Agent Client Assignment

You cannot use agents immediately after they have been installed. For security reasons, you must determine the clients in which the individual agents can be used and the rights that they should have.

Object Definition

Once the agents are installed in your system and you have created the clients, you must then establish the connection between agents and clients and define which rights each agent will have on which client.

You can grant agents the necessary rights individually on their Managing Authorizations at Object Level, but if you are dealing with many agents, this is very time-consuming. In this case a faster alternative is using the Agent/Client Assignment object (HSTA), where you collect agents and define an authorization policy that you assign to all of them in bulk. The HSTA object then enters the rights specified in the authorization policy in the individual agents.

HSTA objects can be created in the Process Assembly perspective in system client 0 only.

Defining Agent Client Assignment Objects

An HSTA object definition is made up of the following pages:

To Define the Authorization Policy

  1. In the Filter section, create the list of agents to which you will apply the authorization policy in bulk.

    1. Click the folder icon on the Agent name cell to open the Select Agent dialog, where you select the agent to include in the list.

      Use the Filter pane on the right hand side and click the Filter button to narrow down the number of agents on the list. When you have found the Agent you are looking for, select it and click the Select button. It is inserted in the Filter table.

    2. Use the table toolbar to add more agents and to arrange them in the list:

      Option

      Description

      Inserts a new row at the bottom of the table

      Deletes the row

      Removes the entry from the list and pastes it to the clipboard. Click Paste to add it to the bottom of the table.

      Duplicates the entry. Click Paste to add it to the bottom of the table.
       
      Activates all rows in the table.
    3. Activate the Exclude checkbox if you want this agent to be excluded from this authorization policy.

      For example, in the illustration below, all Windows agents have been granted certain rights on a number of clients with just one exception: AGENT.WIN.CPBFGP, which is also a Windows agent, will have no access to those clients:

  2. The Authorizations section provides the list of all the available agents in your system.
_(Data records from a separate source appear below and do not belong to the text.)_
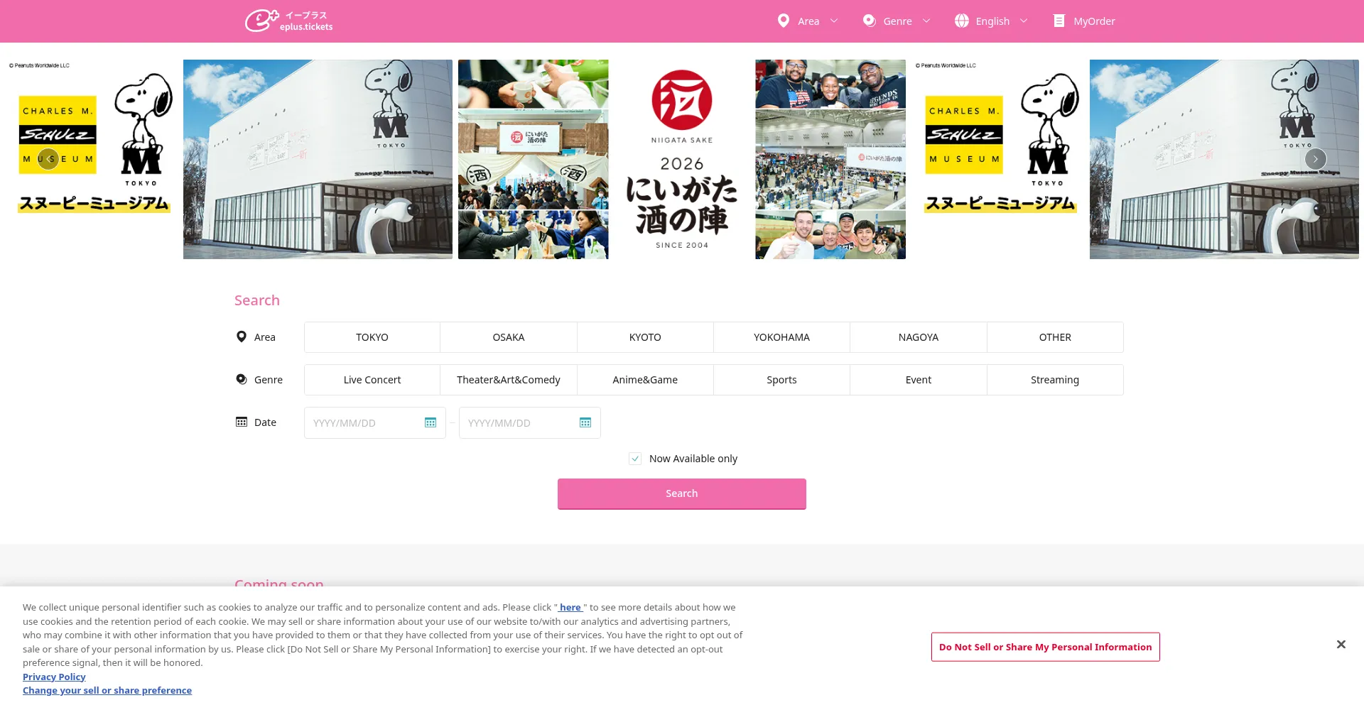 该网站实现符合GDPR或CCPA等隐私法规的cookie同意机制。这表明 eplus.tickets 遵守数据保护标准并为用户提供对个人数据收集实践的控制。
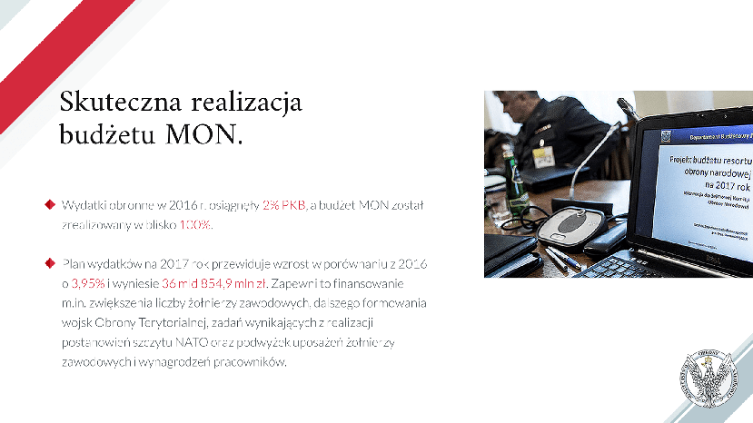 Z planowanych na 2016 r. ponad 35,4 mld zł resort wydał 99,7 proc. Wydatki majątkowe (zakupy sprzętu i uzbrojenia, jego modernizacje i remonty, inwestycje budowlane) – które powinny stanowić co najmniej jedną czwartą budżetu obronnego – wyniosły 27,8 procent.
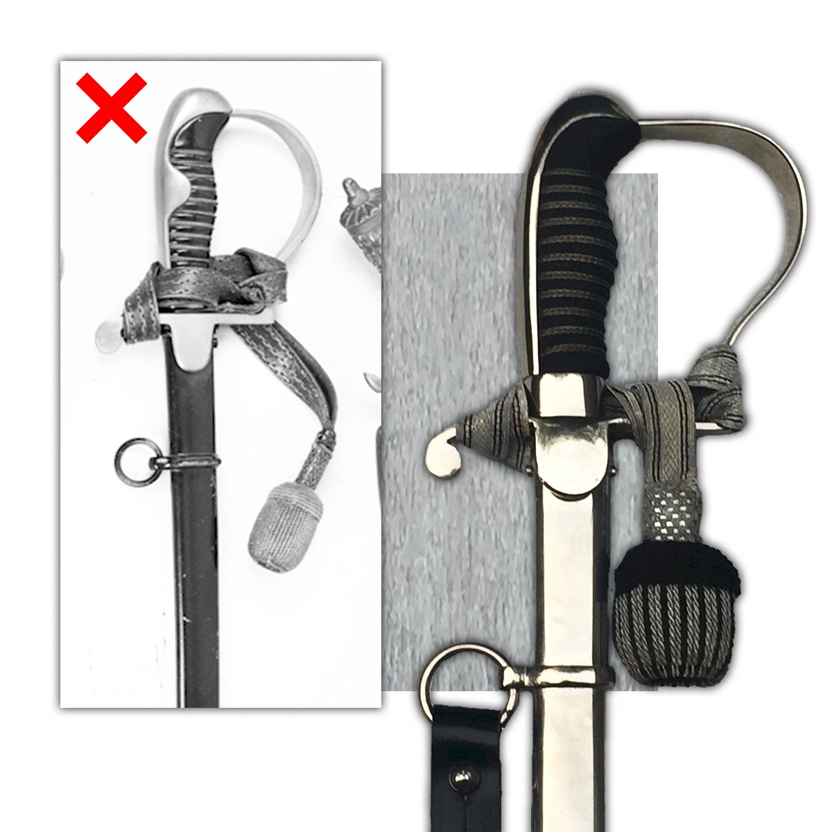 Superbe sabre allemand dit '' à la Blucher ''. En vigueur dans la cavalerie et l'infanterie prusienne. Basé sur le modèle 1811, qui a été utilisé depuis les guerres napoléonniennes (notamment à Waterloo) jusqu'au milieu du 20ième siècle. Ce sabre a été largement inspiré par le modèle anglais dit '' Modèle 1796 '' , avec la forme de la garde typique et la lame courbe, qui dit-on, faisait des ravages dans l'armée française.
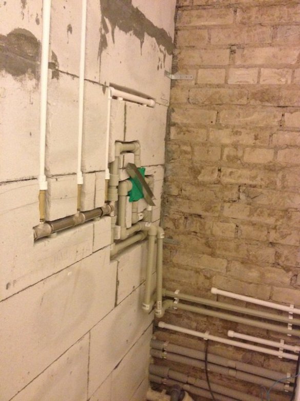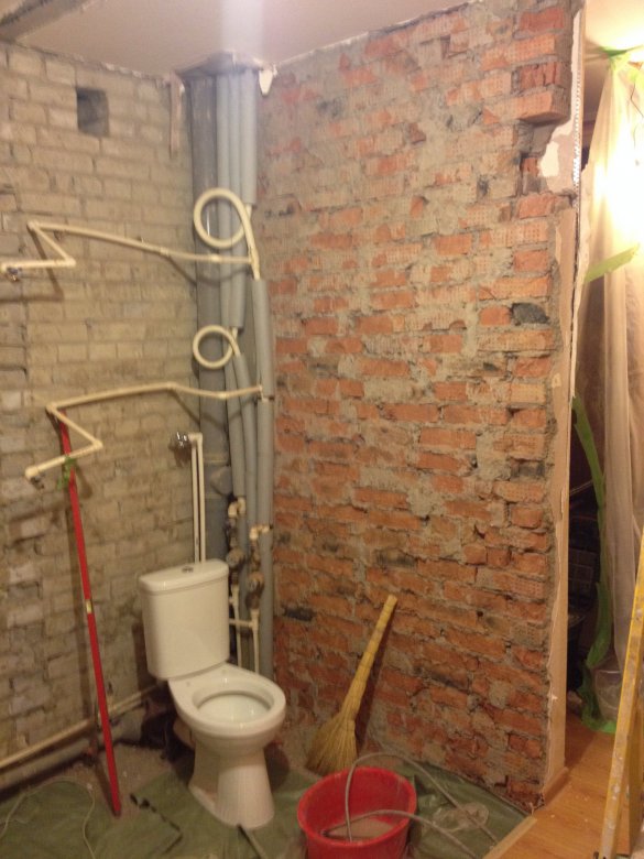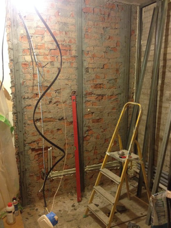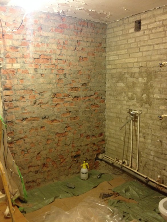 Неприятность №1 - стенка из белого кирпича. Это силикатный, мать его кирпич :( К нему очень фигово липнет что угодно, у него дикое водопоглощение, которое портит свойства любого клея. Решаем не дергать судьбу за тестикулы - в душевой кабине сделаем фальш-стену из ГКЛВ, а в хоз. отсеке с бойлером и машинкой пристрелим лист аквапанели. Перегородка между душевой и хоз. блоком, а так же новая внешняя стена - из газобетона. Левая стенка - нормальный кирпич, поэтому ее просто штукатурим по маякам. Правая стена закрывается ГКЛ, в ней прячется инсталляция, каналья, трубы коммуникаций.

Specify here the individual rights the agents should have (or not) on the clients.

    The Client Number and Client Title columns are not editable; they provide the number and title(if available) of the client as specified upon creation.

    1. Specify the rights you want to grant the agents in the selected client:

      Right Description
      File Transfer - Read The client can transfer (send) files.
      File Transfer - Write The client can receive transferred files.
      Execute Jobs The client can start jobs.
    2. Activate the Apply checkbox to grant the selected rights to the agents in the Filter list.

      Please note that you can also activate this checkbox if no rights have been specified for a client.

      Example:

      The agents depicted in this screenshot are assigned to clients 6, 25 and 27.

      • On client 27 they have full rights.
      • On client 25 they can only receive transferred files.
      • Although the are assigned to client 6, they cannot perform any of the actions associated to these rights.
  3. In the Preview section, check the client/agent assignment you have just defined.

    Before applying the rights policy on clients to the collected agents you can check whether your definition is correct.

    Click the Preview button at the bottom of this page to see the list of agents to which you are about to grant rights. This does not trigger agent assignment, it simply displays the effects that the agent assignment would have with this HSTA object.

    You can save and preview your definitions or only preview them. In any case, make sure that you save them before approving the policy.

  4. If you are satisfied with your settings, click the Apply Authorization Policy button on the toolbar:

  5. Activate the HSTA object. For this purpose, switch to the Administration Perspective, expand Agents & Groups and select Agent Authorization Policies.

    The HSTA object you have just created is in the Inactive table. Select it and do one of the following:

    • Right-click and select Set Active or
    • Click the arrow to insert it in the Active table or
    • Drag and drop it in the Active table

    You can also select multiple objects and activate them in bulk.

  6. As soon as you save the object, it is written to the UC_AGENT_ASSIGNMENT static Variable and, therefore, it is activated. See UC_AGENT_ASSIGNMENT - Agent Assignment.

Important Configuration Details

The order of objects in the Active table is relevant! This order is mirrored in the UC_AGENT_ASSIGNMENT Variable. For example, consider this list of active agents:

The UC_AGENT_ASSIGNMENT Variable is as follows:

The list is processed from top to bottom; if two objects contain contradictory definitions, the rights of the HSTA object that is listed last are applied.

Deleting an HSTA object in the Explorer of the Process Assembly perspective also removes the corresponding entry in UC_AGENT_ASSIGNMENT and in the Agent Authorization Policies page in the Administration Perspective.

For performance reasons, rights are not assigned every time an agent starts but only when it starts for the first time.